Far from being hotly debated, the fragility of our environment in the United States -- as opposed to its diversity -- is hardly discussed. The American public has tolerated the politicization of its vertebrate natural resources ever since the Endangered Species Act of 1973. We're constantly chewing on public announcements such as that from the previous President Bush, portraying Mr. and Mrs. America as out of work and drowning in spotted owls. We may be the first country to create national parks, but our endangered species are a political football and a joke. We're not interested in anything but charismatic mega-fauna, and even when we can sustain a few minutes' interest, stewardship is widely considered to belong to movie stars with ranches in Wyoming. We can't even get an anti-horse-slaughter bill passed in Congress even though it enjoys wholehearted support from the majority of the population. And leaving conservation issues to otherwise-engaged celebrities has weakened our focus and left us with a maddeningly vague spattering of causes to consider.

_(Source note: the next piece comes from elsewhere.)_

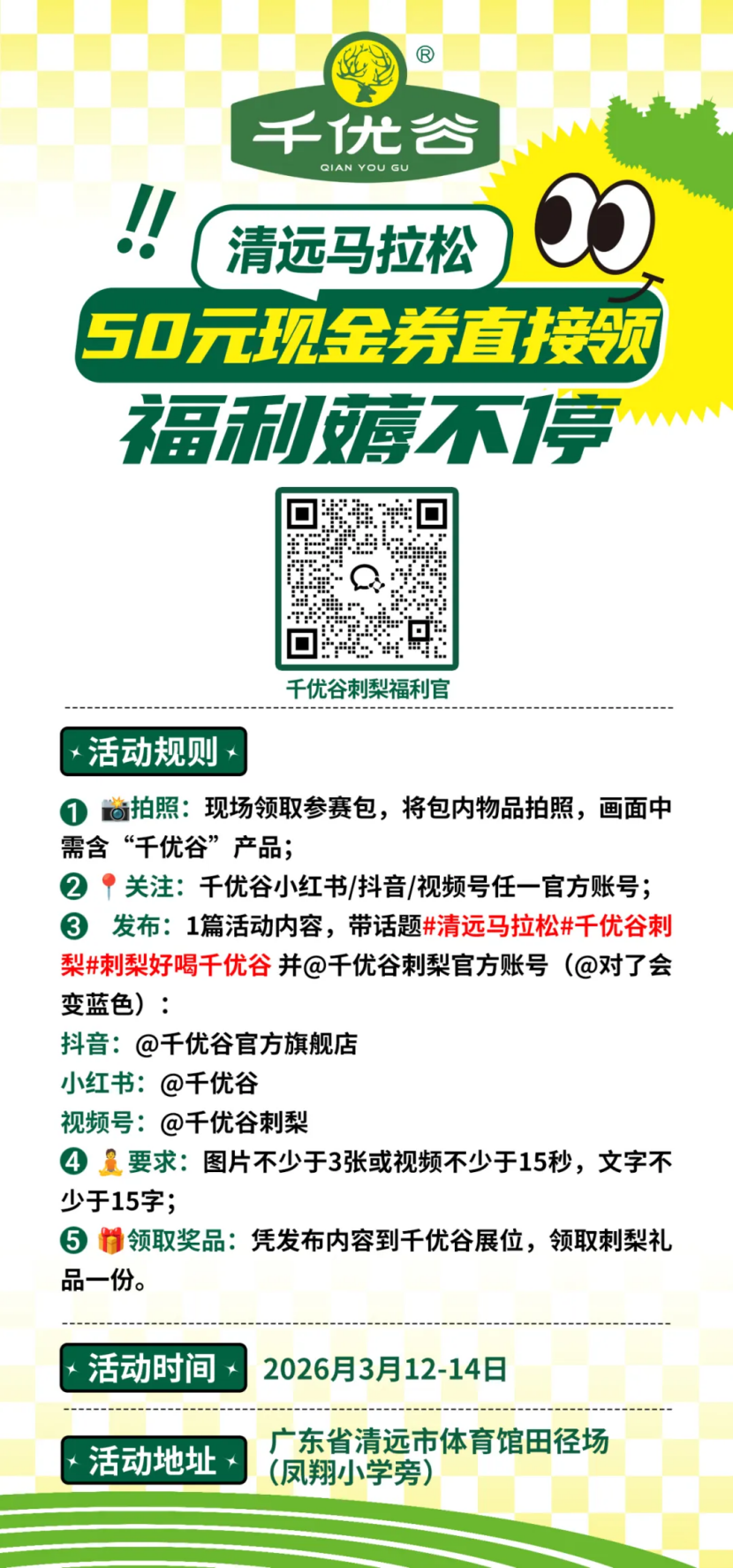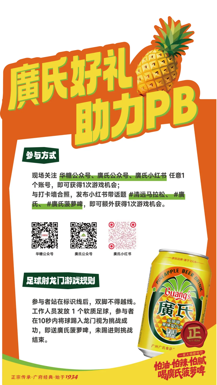 与打卡墙合照,发布小红书带话题 #清远马拉松、 #廣氏、 #廣氏菠萝啤,即可稀罕取得1次游戏契机。
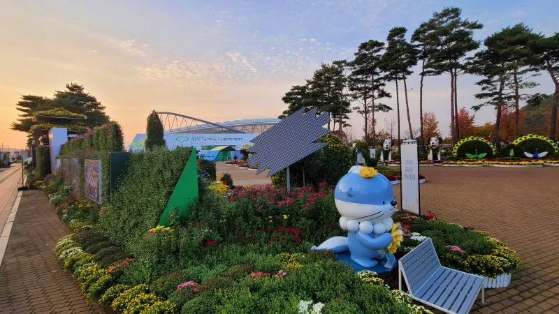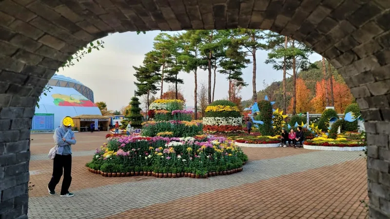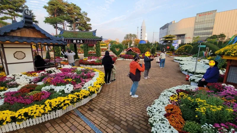 국화축제는 진주국제농식품박람회장을 포위한 듯

Technological advances in video have enabled a closer look at dangerous wildlife than we have ever had before, but it's old-fashioned filmmaking that brings the message home, most recently and vividly in Werner Herzog's portrayal of Timothy Treadwell's death in "Grizzly Man." Plenty of enmity gets rained down on people whose attraction to dangerous animals leads to a mauling or death. More than one Alaska Parks Department employee called Treadwell an idiot and let it go at that. But the Grizzly Man himself was another story entirely. He longed to be subsumed by his beloved bears -- though perhaps not as literally as he was -- and he deliberately tempted fate. Irwin was also unlike the Las Vegas tiger tamers Siegfried and Roy. Roy Horn was mauled and nearly killed by a white tiger he had anthropomorphized. Irwin was perfectly happy to let his love scenes with crocs remain unrequited. He had no illusions about the animals he adored, and he was killed not by the object(s) of his affection, but by a one-in-a-million encounter with a normally passive animal.

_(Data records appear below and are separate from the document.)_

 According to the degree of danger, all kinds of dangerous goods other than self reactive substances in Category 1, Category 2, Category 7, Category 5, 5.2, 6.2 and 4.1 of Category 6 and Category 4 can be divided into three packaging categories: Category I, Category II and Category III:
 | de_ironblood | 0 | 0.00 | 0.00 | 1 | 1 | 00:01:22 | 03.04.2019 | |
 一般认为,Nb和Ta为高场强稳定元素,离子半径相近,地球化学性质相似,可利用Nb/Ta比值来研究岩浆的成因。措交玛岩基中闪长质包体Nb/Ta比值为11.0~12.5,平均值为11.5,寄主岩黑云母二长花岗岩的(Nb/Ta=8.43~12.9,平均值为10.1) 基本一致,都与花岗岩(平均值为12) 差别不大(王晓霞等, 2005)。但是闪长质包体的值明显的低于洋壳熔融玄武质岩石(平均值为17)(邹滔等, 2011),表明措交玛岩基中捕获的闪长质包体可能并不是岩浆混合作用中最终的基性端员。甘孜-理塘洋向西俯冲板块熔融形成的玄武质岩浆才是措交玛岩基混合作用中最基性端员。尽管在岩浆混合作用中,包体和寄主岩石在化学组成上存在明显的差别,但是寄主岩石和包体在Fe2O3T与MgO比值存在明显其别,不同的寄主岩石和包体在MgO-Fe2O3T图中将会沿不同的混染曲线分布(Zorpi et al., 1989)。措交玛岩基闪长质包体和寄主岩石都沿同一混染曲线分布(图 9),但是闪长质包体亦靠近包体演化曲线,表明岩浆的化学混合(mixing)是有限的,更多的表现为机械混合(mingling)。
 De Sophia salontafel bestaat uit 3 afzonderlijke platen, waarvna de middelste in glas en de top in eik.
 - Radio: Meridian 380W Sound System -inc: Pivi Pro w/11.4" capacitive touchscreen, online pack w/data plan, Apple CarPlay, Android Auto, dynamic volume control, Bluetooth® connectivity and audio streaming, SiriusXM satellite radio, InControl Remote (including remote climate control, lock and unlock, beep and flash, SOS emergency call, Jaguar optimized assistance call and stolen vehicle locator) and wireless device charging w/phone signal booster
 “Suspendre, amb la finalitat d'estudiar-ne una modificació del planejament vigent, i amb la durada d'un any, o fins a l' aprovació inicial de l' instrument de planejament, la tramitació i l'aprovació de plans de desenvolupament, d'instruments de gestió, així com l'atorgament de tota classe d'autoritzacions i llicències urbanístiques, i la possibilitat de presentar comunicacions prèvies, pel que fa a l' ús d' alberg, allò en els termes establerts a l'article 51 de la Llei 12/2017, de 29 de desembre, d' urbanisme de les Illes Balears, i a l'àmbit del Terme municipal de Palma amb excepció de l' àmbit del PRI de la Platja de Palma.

The Crocodile Hunter's playground, half a world away, is a fantasy to most of us. Debate on whether he pushed his luck too far seems weighted on the "shit happens" side. The public seems especially confused about who was endangered by Irwin's occasionally dangerous behavior. "Don't try this at home, folks," Irwin might have said -- but invariably, people do. For every Irwin, there are hundreds of animal-world risk-takers, from professional snake-show handlers in Oklahoma and Texas to inebriated campers who fiddle with timber rattlers. Here in the Adirondacks, our manifestly intelligent wildlife expert has been snake-bit several times and will admit to nothing more than "it hurts." Radio host Ward Stone's job is almost impossible: to persuade the public not to chop up every endangered timber rattler that slithers across their lawns (and sometimes into their kitchens). Nobody wants to believe it matters. He's not in anybody's face enough, which is probably fine with him. A greater-than-usual interest in pit vipers, rabid raccoons and the like doesn't normally go with a TV star's personality.

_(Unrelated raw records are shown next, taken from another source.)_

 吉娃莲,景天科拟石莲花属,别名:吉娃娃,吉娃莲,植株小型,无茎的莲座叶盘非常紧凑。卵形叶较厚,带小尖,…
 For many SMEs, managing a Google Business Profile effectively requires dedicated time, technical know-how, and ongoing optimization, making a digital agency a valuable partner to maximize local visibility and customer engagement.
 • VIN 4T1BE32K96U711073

Irwin found the mother lode of persuasion, and it was in his own personality. We need somebody with his charisma. Attenborough's intellectual brilliance doesn't play here, where we can't defend a habitat required by anything less cuddly than a Playboy Bunny. Crocodile kissers? Bring 'em on! Our reality isn't ugly enough.


By Sally Eckhoff

Sally Eckhoff lives in upstate New York. She is a regular contributor to Salon.